Ode to Chandrayaan and Pragyan
So
our Chandrayaan has landed on the moon, become history, and an ever-shining
badge of honour on the 56 inch – and still expanding – chest of ISRO.
Undoubtedly, it is ISRO’s another glorious leap into space that makes India
proud. This is ‘Science India’ at its finest best. How magical were those
moments when Chandrayaan-3 descended on the pock-marked lunar face with the
surgeon’s precision and nimble-footed feminine softness! ... Never mind the
sudden juxtaposition of unsavoury political overreach – both by sight and sound
– just when we were devouring those final moments with breathless anticipation,
awe and wonder!
With
this epoch-making Chandrayaan event India proudly rubs shoulders with the world’s
high and mighty- the haughty world-chowkidar, the US; Russia – a great country
of Pushkins, Tolstoys and Yuri Gagarins but sadly going through unhappy times
at present; and of course our bad, wily neighbour- the hegemonic,
border-grabbing China.
This
indeed is a moment of glory for India. Chandrayaan-3 and Pragyan have become
our national icons: ‘neighbour’s envy, owner’s pride’. It is a triumph of
science over superstition and over our parochial, religion-obsessed mindsets.
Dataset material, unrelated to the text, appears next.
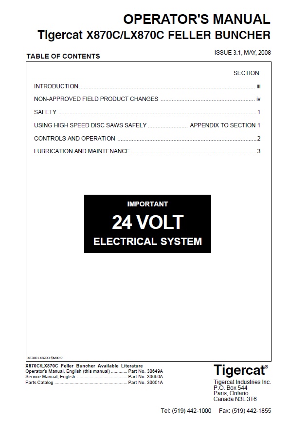 TIGERCAT LX870C FELLER BUNCHER OPERATOR/USER MANUAL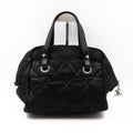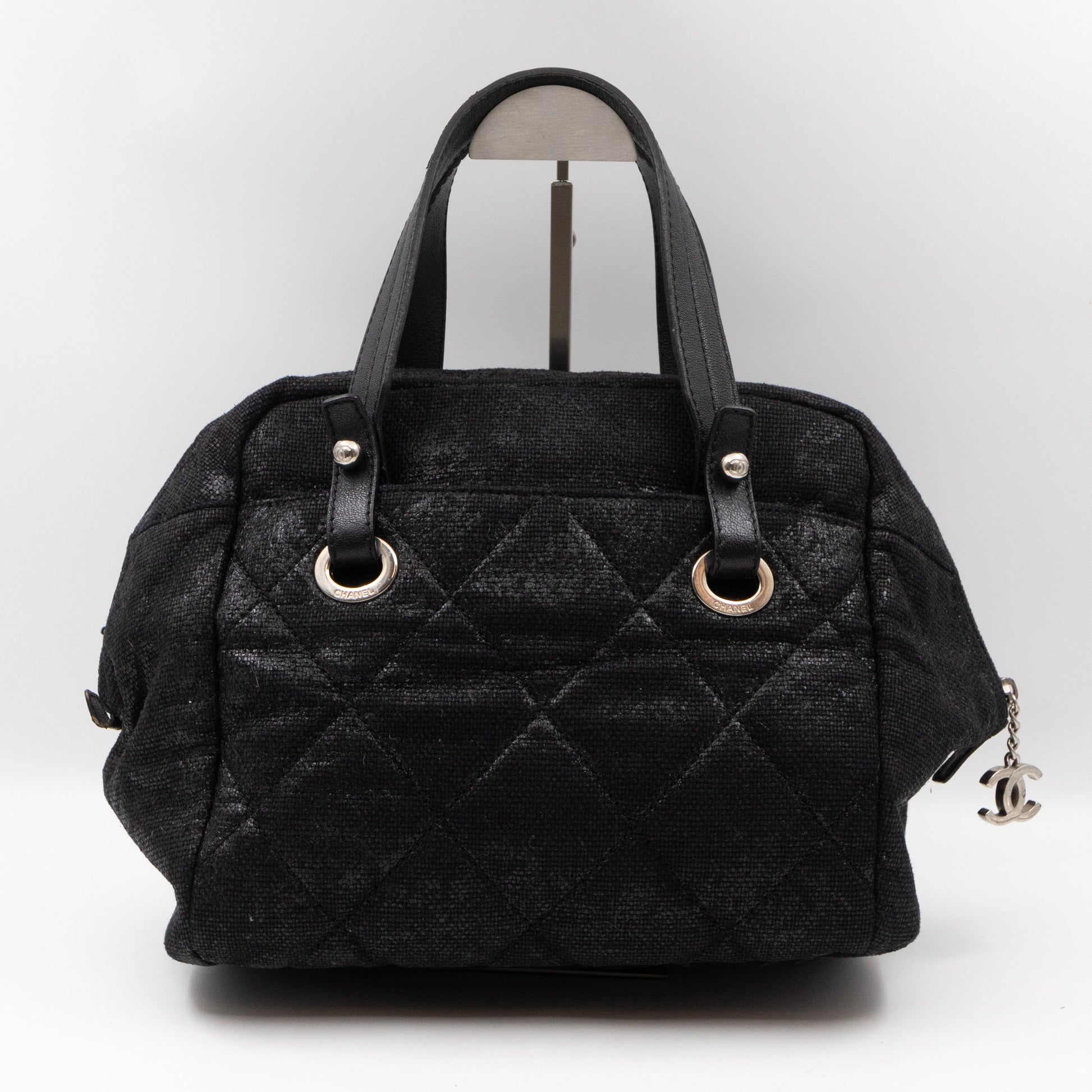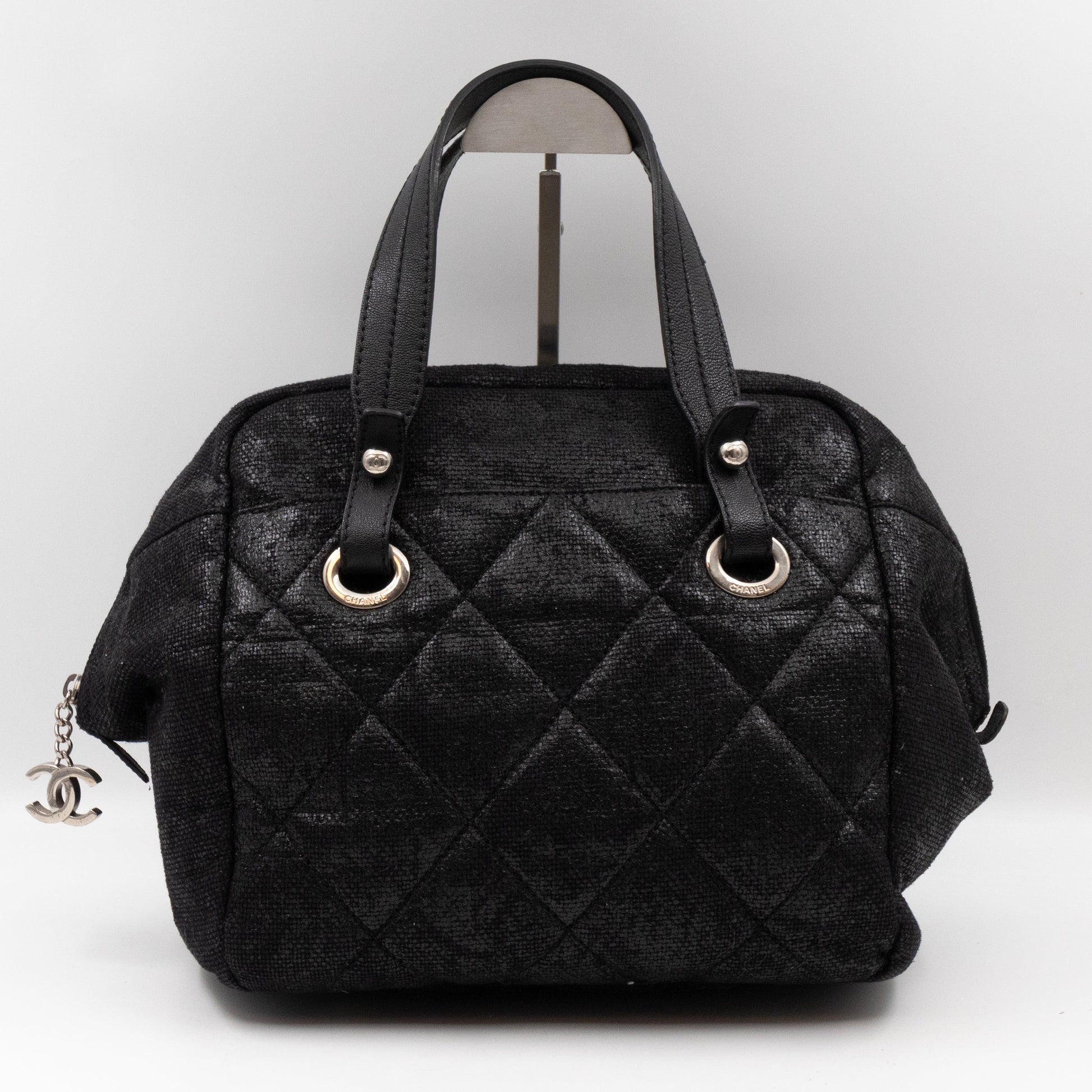 This is a Chanel black coated canvas Paris Biarritz Bowler bag. Crafted from black quilted coated canvas, with dual flat top handles, silver-tone hardware, and top zip closure finished with the signature interlocking CC charm. With slip pockets to the front and back, and four protective metal feet on the bottom.

It is also a clarion call for our lawmakers to rise above their win-at-any-cost,
political whataboutery and let science grow and prosper; let Darwin and his
‘evolution’ illumine the school text-books and elevate the minds of our kids
(and not dump science in the cesspool of religious bigotry); let our scientific
institutions bloom and the ‘clear stream of reason’ and freedom flow, and let liberal
grants provide them the oxygen and muscle (not curtail funding as has been done
with ISRO).
Besides
ISRO, it is also time to salute our old visionaries – Nehrus, Bhabhas,
Sarabhais et al who had the foresight, dedication and inspired commitment to
put in place such beautiful temples of ‘scientific striving’: ISRO, BARC, the
IITS, IISc, the JNU, for the furtherance of science despite odds and
constraints, when slavery-mukt India, after its blood-soaked vivisection was
going through the most painful pangs of birth.
But
digressing a little now, I wonder if with increasing footfalls of science on
it, will our Chanda Mama lose some of its mystical charm … its magical pull in
our imaginations? Will the images of Chandrayaan and the hard, pot-holed moon
surface now interrupt our soulful singing of lullabies to our little ones
invoking ‘Chanda Mama door ke’: Mama who would eat ‘puas’ in a big thali … who
the Munna would go visiting in a udan khatola and play with stars– the most
popular of rhymes? Will a love-smooched
suitor hold his tongue a second while extolling the beauty of his sweetheart
singing “Chand si mehbooba ho meri tum?” Or that heart-tugging Rafi number
“Chauhdaween ka chaand ho…?” (the song that even now would be the first on my
lips if I were young enough to woo my heartthrob!) With moon and mars having become so
reachable, and Musks of the world eyeing them for tourism, the world powers for
milking/exploiting them for minerals and for more devastating warfare, will our
poetic flights of fancy cease to soar high and free anymore?
Well,
‘tis an age of science. We have to move on and scale new and ever higher
horizons to unravel the mysteries of our big wide cosmos. But science doesn’t
have to be exclusionary. Science and art can blend, nurture each other and
flourish together (while toxic religious fanaticism can go on a long
sabbatical) to elevate humankind – one by quenching the thirst of our
inquisitive minds, the other by enriching our souls with music, verse and
artifacts and thus make our lives sublime.
Here’s
hoping that ‘Science’ keeps working at its noblest and is not weaponized (or
‘Oppenheimer-ised’!) by man, the monster for universal annihilation.
Bande
ISRO. Bande ‘Science India’.
*
It is a good account of what science can achieve and what are future prospects of tourism on moon. It is good that the role of art with science has been rightly stressed. The article is well written.